Saved data entries
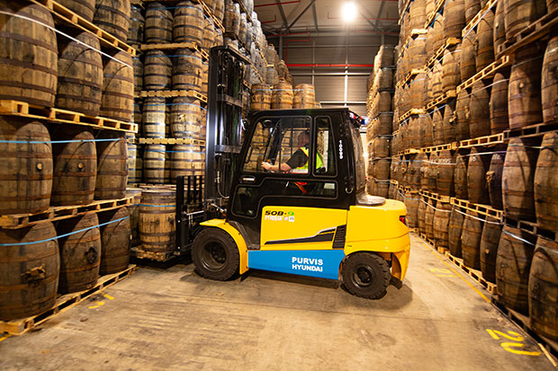 The larger 5-tonne models are used to locate casks within the site’s ageing cellars, which can hold more than 750,000 casks over many years of maturation. Due to the volatile vapour that can be given off during this process, known as the ‘Angel’s share’, the 50B-9 forklifts have all been specially prepared for distillery use, with specialist supplier Pyroban installing bespoke explosion protection kits.
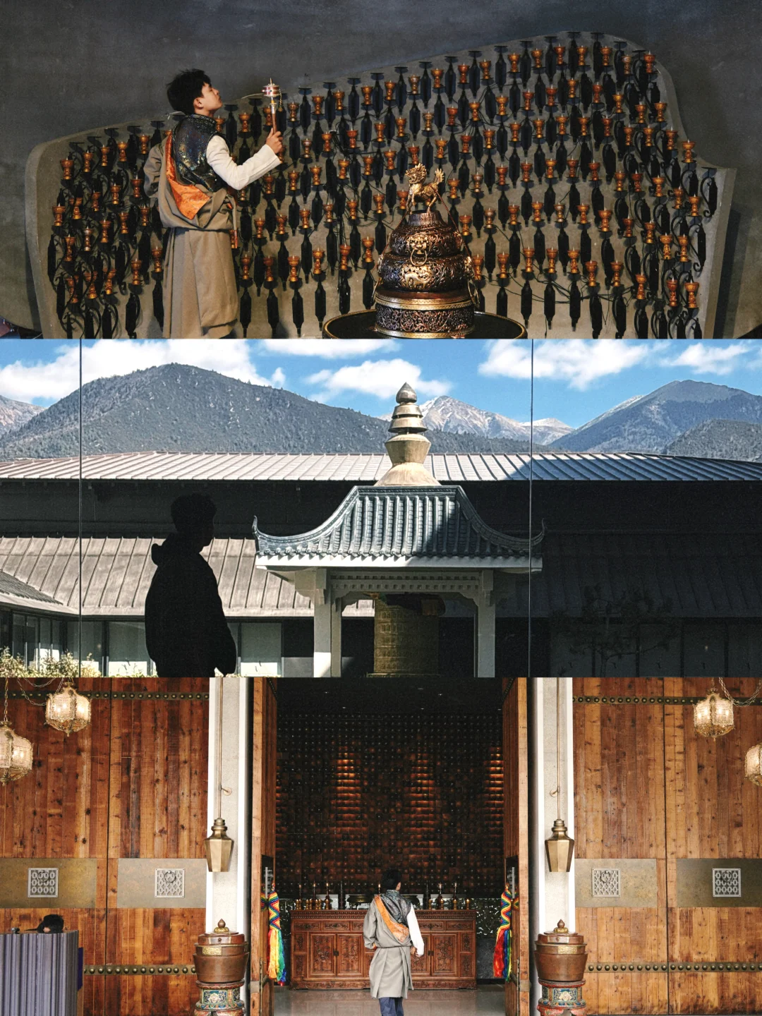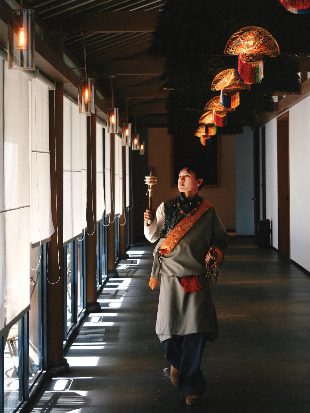 ▪️在1楼免费换上藏服,在庭院晃悠,经幡飘动,雪山做背景,拍一组写真。
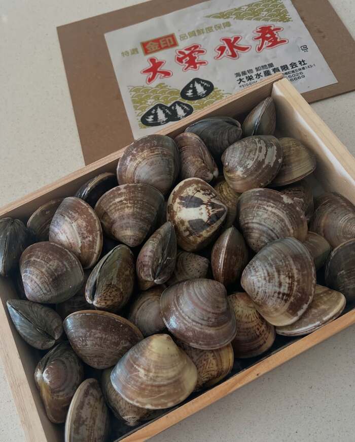 投稿では、もらったハマグリが高級感のある木の箱にぎゅっと詰まった写真を公開!
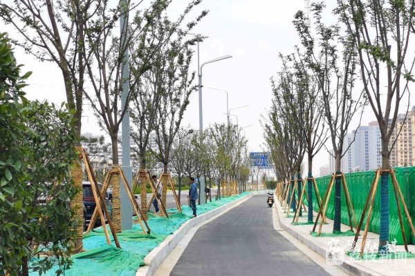 目前西楚大道中央隔离带、侧分带绿化栽植完成,正在进行西侧园路、广场和球场施工,预计今年10月底完工。
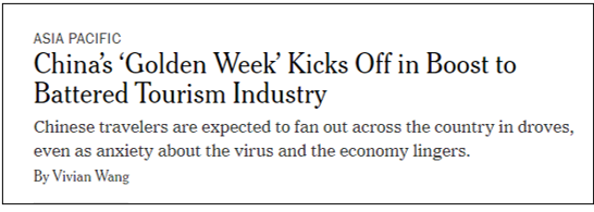 观察者网·大橘财经消息, 近日,美国《纽约时报》发表了一篇题为《中国“十一”黄金周提振遭受重创的旅游业》的报道。
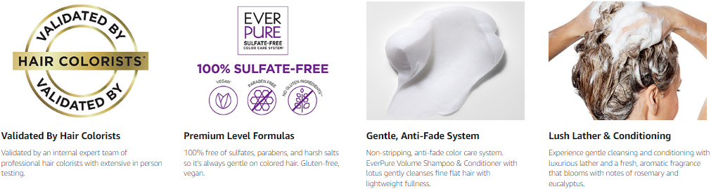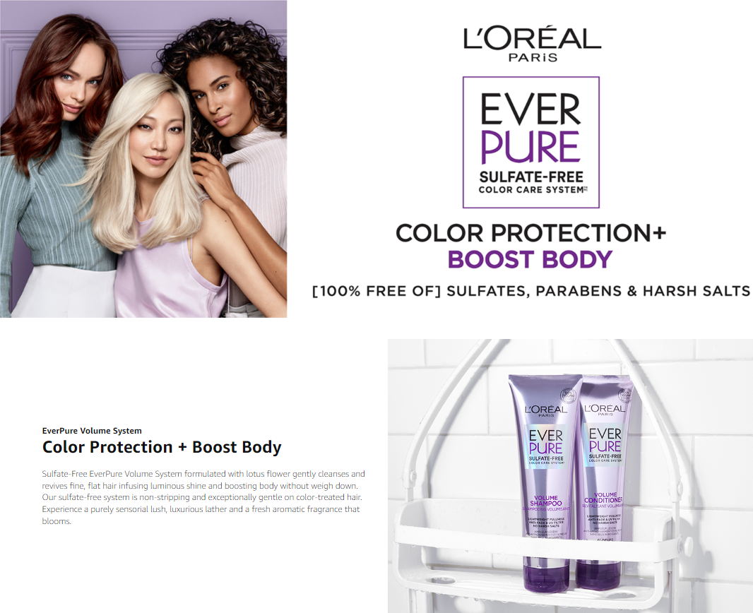 L'Oreal Paris EverPure Volume sulfate free shampoo and conditioner with lotus flower is lightweight and revives fine hair and flatness with lasting body. Keeps color pure up to 4 weeks. Our formulas are especially gentle on color treated hair. There are no harsh sulfates, salts or surfactants that can strip, dull and damage hair. Experience a purely sensorial lush, luxurious lather and a fresh aromatic fragrance that blooms.
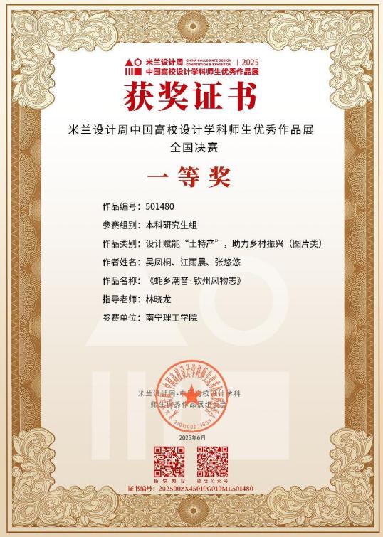 近日,米兰设计周-2025中国高校设计学科师生优秀作品展颁奖典礼在西南交通大学落幕,BV伟德艺术与传媒学院师生荣获全国总决赛一等奖3项、二等奖2项、三等奖6项;林晓龙、李玉铭等教师获评“优秀指导教师奖”,获奖数量创历史新高。
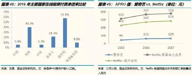 与发达国家相比,我国在线视频付费渗透率和ARPU值仍有很大增长空间。2016年我国在线视频付费渗透率仅为5.4%,而美国达到40%,2017年如果按照1.7亿的视频付费用户计算(用户不去重,中国网络试听节目服务协会预测数据),付费渗透率也仅为12.1%,仍有很大的发展空间。另外,2017年Netflix海外会员的ARPU值为573元,本土会员为759元,同期爱奇艺的付费会员ARPU值仅为129元,差距仍然十分显著。
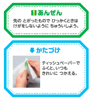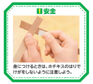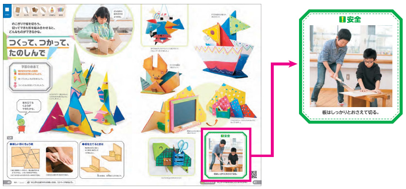 「造形の引き出し」で安全な用具の使い方を掲載するとともに、用具の使い方以外にも、各題材ページにおいて、配慮すべき內容を「あんぜん」「安全」の囲みを設けて具體的に示しました。
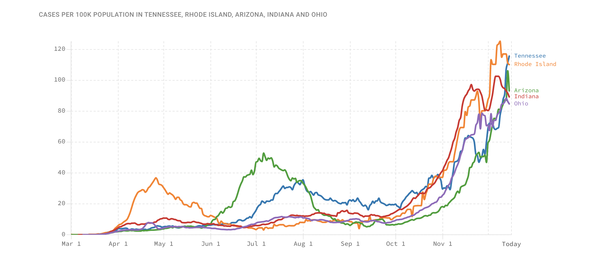 After more than a week, Rhode Island was surpassed by Tennesse for having the highest number of cases per capita. Tennessee's new top slot ranking was more about their growth in cases rather than Rhode Island decreasing infection.
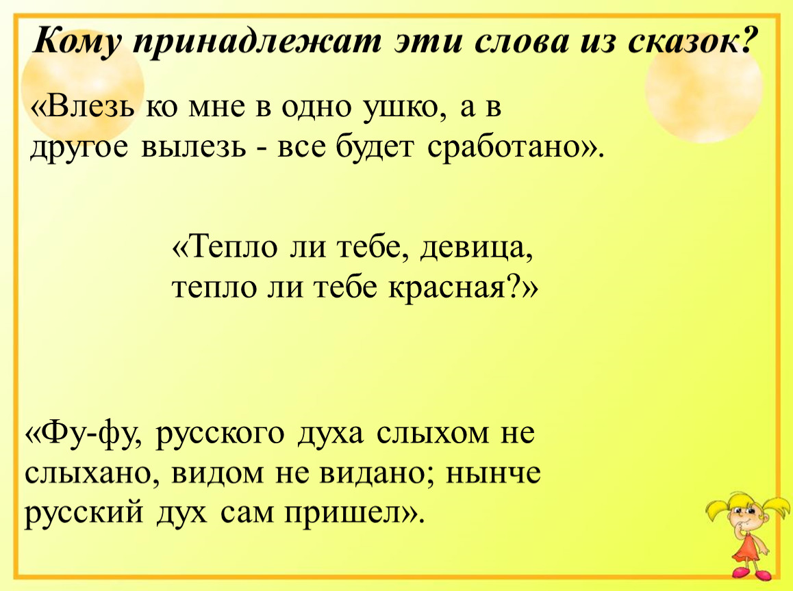 Кому принадлежат эти слова из сказок?
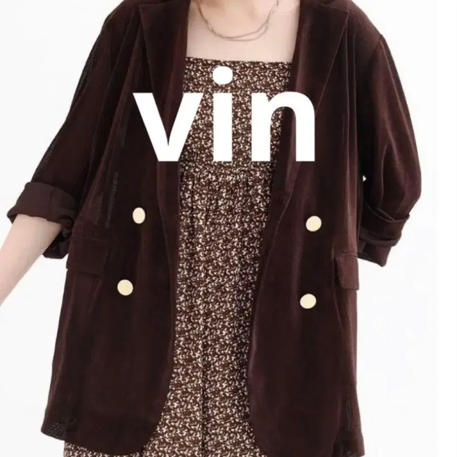 은은한 비침이 있는 메쉬 벨로아 소재로, 여유로운 더블 버튼 실루엣입니다.
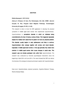 | Uncontrolled Keywords: | Hypochondriasis, physical symptoms, Cognitive Behavior Therapy, Wanita Dewasa Madya |
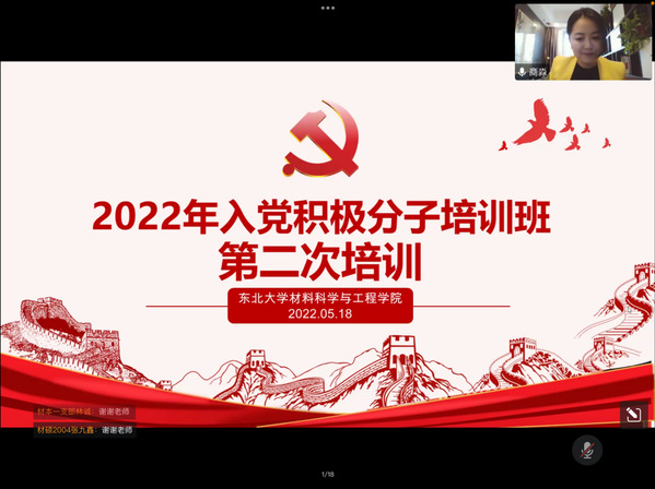为提高入党积极分子政治素养与理论水平,帮助同学们进一步端正入党动机,5月18日中午,材料学院党委党校于线上进行2022年积极分子培训班第二次培训,雷竞技官方主页党校副校长周莉、材料学院党委组织员商淼出席本次培训,材料学院262名积极分子参加培训。
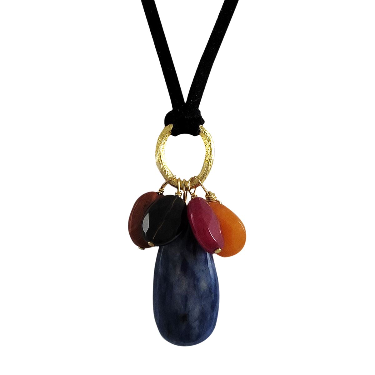 Sodalite (Blue) Combination Semi Precious Stones On Black Suede Chain Necklace -20"
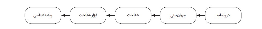 منشأ جهان‌بینی‌ها «شناخت» است و شناخت وابسته به «ابزار شناخت». ابزار متفاوت، جهان‌بینی‌های متفاوت پدید می‌آورد و این باعث بروز درون‌مایه‌های متفاوت می‌گردد. (مطهری، 1380: 16)
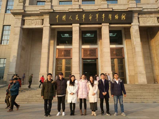 参观结束之后,同学们恋恋不舍的在博物馆前合影留念。作为一名共青团员,同样是兵器专业的硕士研究生,参观完革命前辈赢得战争所用的武器装备,我们的内心充满敬佩,但同时也深深体会到,在新时期下,我们所担负的历史重任。生于和平年代,硝烟早已散尽,但只有积极投身国防建设,提升我国实力,才能巩固世界和平的局面。所以,我们将勇担使命,砥砺前行,认真学习习近平总书记讲话,认真学好专业知识,做一名合格共青团员,携起手来用我们的青春和汗水为祖国社会主义宏伟蓝图增光添彩!
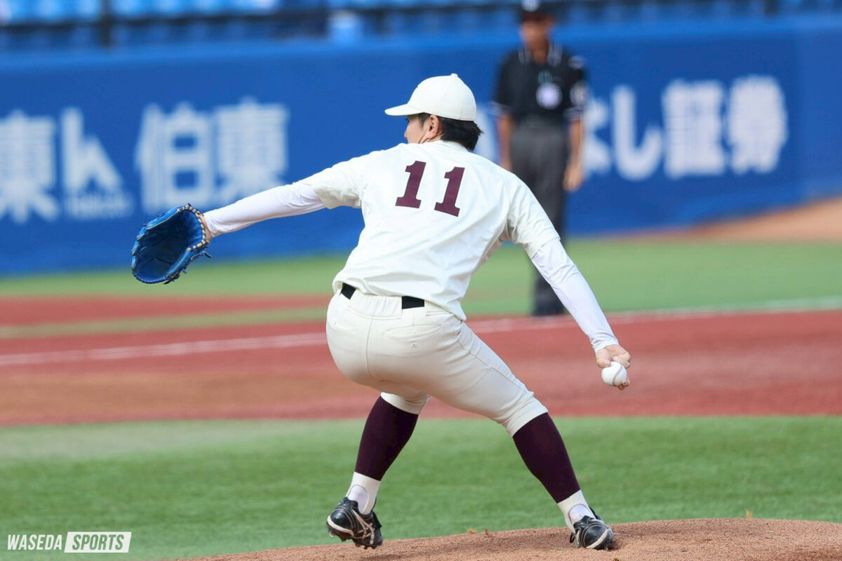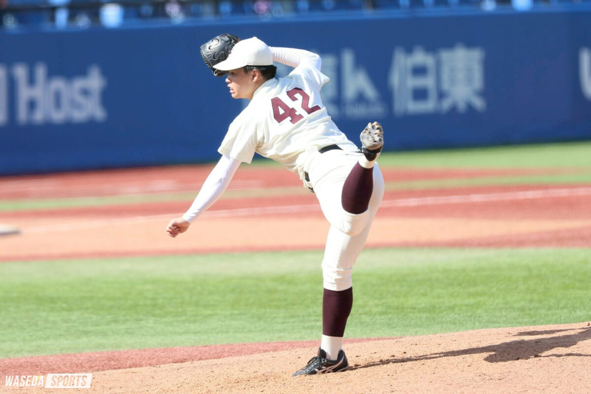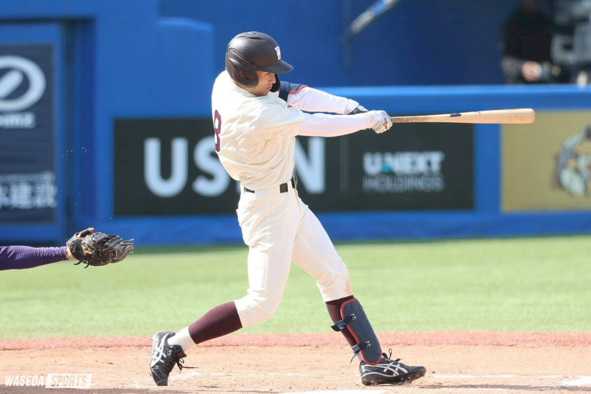 打線は直後の3回、ここまで完璧に抑えられていた明⼤・⽑利海⼤(4 年)から吉⽥瑞樹副将(スポ4 =埼⽟・浦和学院)が右前安打で出塁すると、9番・伊藤樹の犠打で⼆塁に進むが、ここは尾瀬雄⼤(スポ4=東京・帝京)が⼆ゴロに倒れ、チャンスを⽣かすことができなかった。
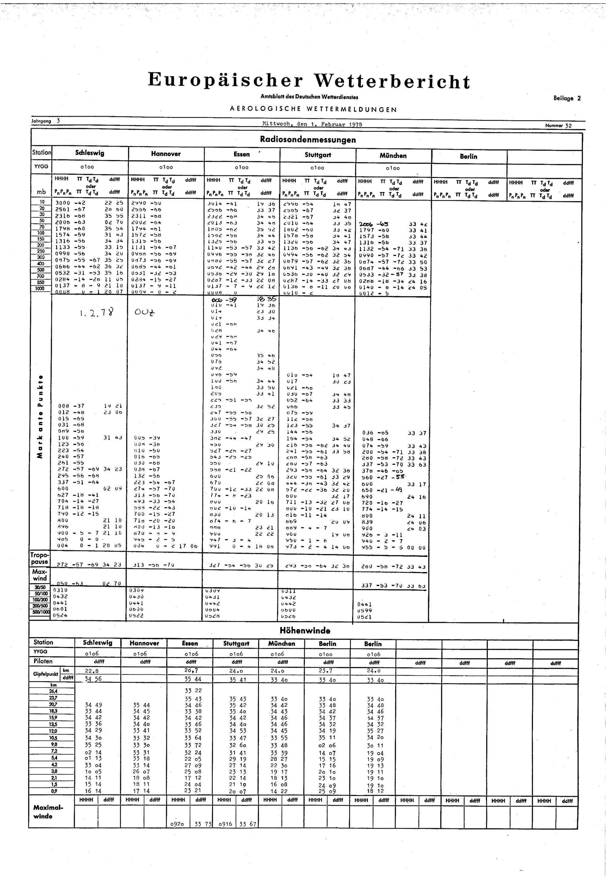 Europäischer Wetterbericht. Beilage 1, Bodenwettermeldungen. 1976-1994
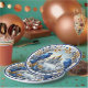 Serve your guests on these beautiful plates with a golden image of the Taj Mahal, a pair of bluebirds and a branch of blue winter berries
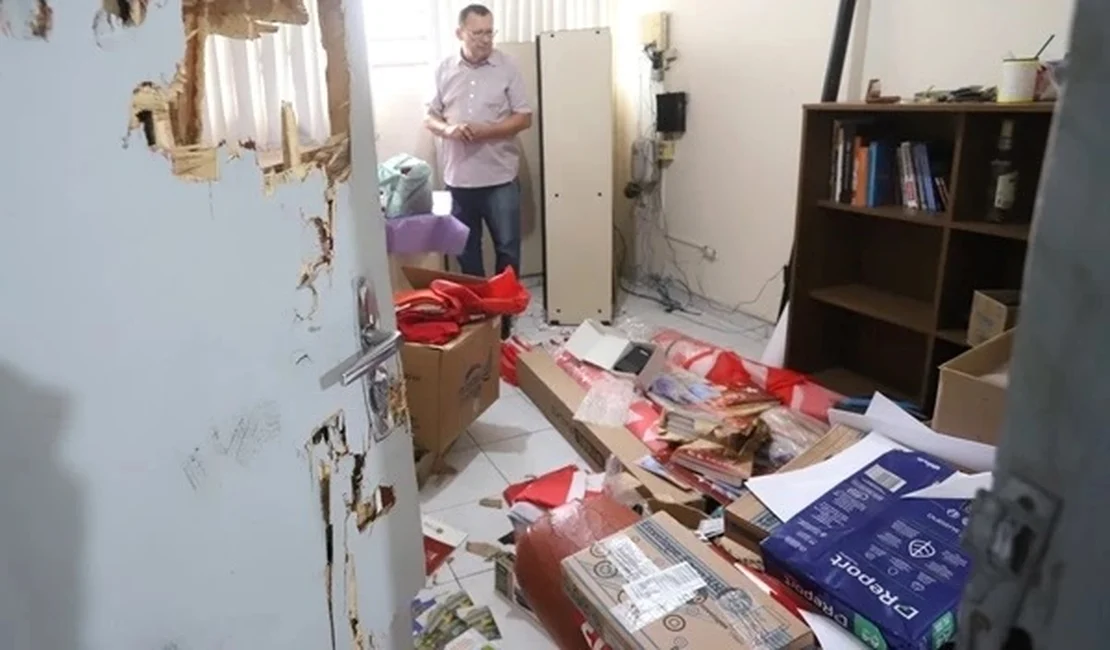 A sede do Diretório Municipal do Partido dos Trabalhadores (PT) em Diadema foi depredada nesta terça-feira (14). De acordo com o PT, o diretório foi invadido, objetos foram furtados e todas as dependências foram depredadas. Fotos do presidente da República, Luiz Inácio Lula da Silva, e da ex-presidenta Dilma Rousseff foram vandalizadas.

AIM OF THE TASK:
A verbatim copy of the records above, without pictures, is required.

WRITTEN RESPONSE:
 The larger 5-tonne models are used to locate casks within the site’s ageing cellars, which can hold more than 750,000 casks over many years of maturation. Due to the volatile vapour that can be given off during this process, known as the ‘Angel’s share’, the 50B-9 forklifts have all been specially prepared for distillery use, with specialist supplier Pyroban installing bespoke explosion protection kits.
 ▪️在1楼免费换上藏服,在庭院晃悠,经幡飘动,雪山做背景,拍一组写真。
 投稿では、もらったハマグリが高級感のある木の箱にぎゅっと詰まった写真を公開!
 目前西楚大道中央隔离带、侧分带绿化栽植完成,正在进行西侧园路、广场和球场施工,预计今年10月底完工。
 观察者网·大橘财经消息, 近日,美国《纽约时报》发表了一篇题为《中国“十一”黄金周提振遭受重创的旅游业》的报道。
 L'Oreal Paris EverPure Volume sulfate free shampoo and conditioner with lotus flower is lightweight and revives fine hair and flatness with lasting body. Keeps color pure up to 4 weeks. Our formulas are especially gentle on color treated hair. There are no harsh sulfates, salts or surfactants that can strip, dull and damage hair. Experience a purely sensorial lush, luxurious lather and a fresh aromatic fragrance that blooms.
 近日,米兰设计周-2025中国高校设计学科师生优秀作品展颁奖典礼在西南交通大学落幕,BV伟德艺术与传媒学院师生荣获全国总决赛一等奖3项、二等奖2项、三等奖6项;林晓龙、李玉铭等教师获评“优秀指导教师奖”,获奖数量创历史新高。
 与发达国家相比,我国在线视频付费渗透率和ARPU值仍有很大增长空间。2016年我国在线视频付费渗透率仅为5.4%,而美国达到40%,2017年如果按照1.7亿的视频付费用户计算(用户不去重,中国网络试听节目服务协会预测数据),付费渗透率也仅为12.1%,仍有很大的发展空间。另外,2017年Netflix海外会员的ARPU值为573元,本土会员为759元,同期爱奇艺的付费会员ARPU值仅为129元,差距仍然十分显著。
 「造形の引き出し」で安全な用具の使い方を掲載するとともに、用具の使い方以外にも、各題材ページにおいて、配慮すべき內容を「あんぜん」「安全」の囲みを設けて具體的に示しました。
 After more than a week, Rhode Island was surpassed by Tennesse for having the highest number of cases per capita. Tennessee's new top slot ranking was more about their growth in cases rather than Rhode Island decreasing infection.
 Кому принадлежат эти слова из сказок?
 은은한 비침이 있는 메쉬 벨로아 소재로, 여유로운 더블 버튼 실루엣입니다.
 | Uncontrolled Keywords: | Hypochondriasis, physical symptoms, Cognitive Behavior Therapy, Wanita Dewasa Madya |
为提高入党积极分子政治素养与理论水平,帮助同学们进一步端正入党动机,5月18日中午,材料学院党委党校于线上进行2022年积极分子培训班第二次培训,雷竞技官方主页党校副校长周莉、材料学院党委组织员商淼出席本次培训,材料学院262名积极分子参加培训。
 Sodalite (Blue) Combination Semi Precious Stones On Black Suede Chain Necklace -20"
 منشأ جهان‌بینی‌ها «شناخت» است و شناخت وابسته به «ابزار شناخت». ابزار متفاوت، جهان‌بینی‌های متفاوت پدید می‌آورد و این باعث بروز درون‌مایه‌های متفاوت می‌گردد. (مطهری، 1380: 16)
 参观结束之后,同学们恋恋不舍的在博物馆前合影留念。作为一名共青团员,同样是兵器专业的硕士研究生,参观完革命前辈赢得战争所用的武器装备,我们的内心充满敬佩,但同时也深深体会到,在新时期下,我们所担负的历史重任。生于和平年代,硝烟早已散尽,但只有积极投身国防建设,提升我国实力,才能巩固世界和平的局面。所以,我们将勇担使命,砥砺前行,认真学习习近平总书记讲话,认真学好专业知识,做一名合格共青团员,携起手来用我们的青春和汗水为祖国社会主义宏伟蓝图增光添彩!
 打線は直後の3回、ここまで完璧に抑えられていた明⼤・⽑利海⼤(4 年)から吉⽥瑞樹副将(スポ4 =埼⽟・浦和学院)が右前安打で出塁すると、9番・伊藤樹の犠打で⼆塁に進むが、ここは尾瀬雄⼤(スポ4=東京・帝京)が⼆ゴロに倒れ、チャンスを⽣かすことができなかった。
 Europäischer Wetterbericht. Beilage 1, Bodenwettermeldungen. 1976-1994
 Serve your guests on these beautiful plates with a golden image of the Taj Mahal, a pair of bluebirds and a branch of blue winter berries
 A sede do Diretório Municipal do Partido dos Trabalhadores (PT) em Diadema foi depredada nesta terça-feira (14). De acordo com o PT, o diretório foi invadido, objetos foram furtados e todas as dependências foram depredadas. Fotos do presidente da República, Luiz Inácio Lula da Silva, e da ex-presidenta Dilma Rousseff foram vandalizadas.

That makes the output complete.